BRIEF:
Only the lines from the start of the data below through the line that contains "travel, exploration, adventure" are to be copied, exactly and without pictures.
INPUT: Begin
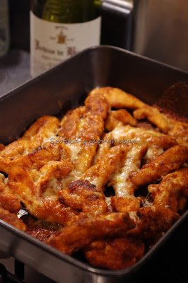 3. Ezután a hússzeleteket átköltöztetjük egy tepsibe, megszórjuk reszelt sajttal és 180 fokos sütőben addig sütjük, míg rá nem pirul a sajt.
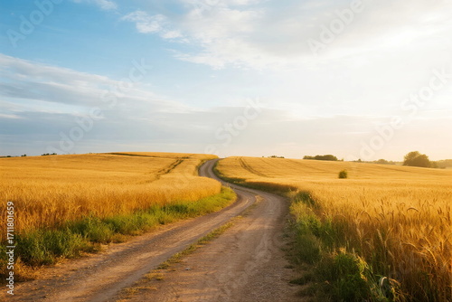 road, wheat, field, gold, sky, landscape, rural, countryside, nature, path, agriculture, sunlight, horizon, open, scenery, rural scene, country road, farmland, harvest, summer, daylight, meadow, grass, yellow, rural area, travel, exploration, adventure
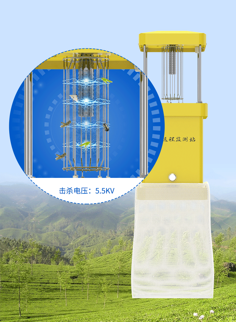害蟲(chong)(chong)遠程監測站(zhan)采用圓形高壓電(dian)網(wang)對蟲(chong)(chong)體(ti)進(jin)行擊(ji)(ji)殺,高壓電(dian)網(wang)固定方式為上端單獨固定,下端懸空(kong),保證擊(ji)(ji)殺的蟲(chong)(chong)體(ti)不會在(zai)絲網(wang)下面堆積,且內置大功率風扇(shan),可防止電(dian)擊(ji)(ji)暈的害蟲(chong)(chong)逃逸。
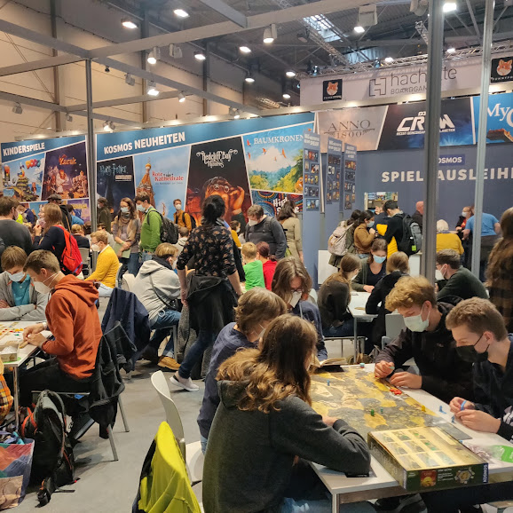 Mes appréhensions étaient grandes jusqu’à ce que j’entre dans le salon. Comment allaient se passer les contrôles sanitaires? Y aurait-il trop de monde pour pas assez d’exposants ? Y aurait-il des tables de jeux libres ? Tous mes doutes ont été balayés dès les premières minutes à fouler les halls du Messe. Le Spiel 2021 allait être le grand retour de la foire aux jeux de société !
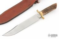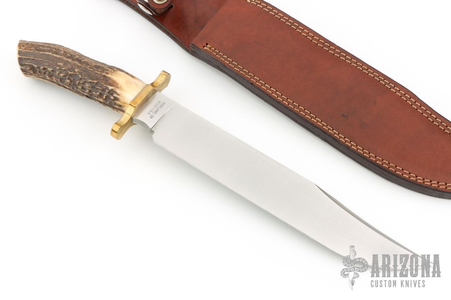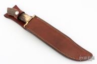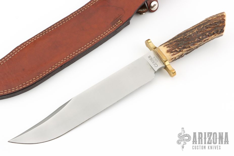 This Limited Edition Utility Bowie by Gerber features a satin finished blade with sharpened top edge, .303" blade stock and 1.509" blade depth, hidden tang construction. The handle has a brass guard and stag grip. Comes with a brown leather sheath. Has a few light scuffs, otherwise excellent condition.
INPUT: End
RESULT OF THE TASK:
 3. Ezután a hússzeleteket átköltöztetjük egy tepsibe, megszórjuk reszelt sajttal és 180 fokos sütőben addig sütjük, míg rá nem pirul a sajt.
 road, wheat, field, gold, sky, landscape, rural, countryside, nature, path, agriculture, sunlight, horizon, open, scenery, rural scene, country road, farmland, harvest, summer, daylight, meadow, grass, yellow, rural area, travel, exploration, adventure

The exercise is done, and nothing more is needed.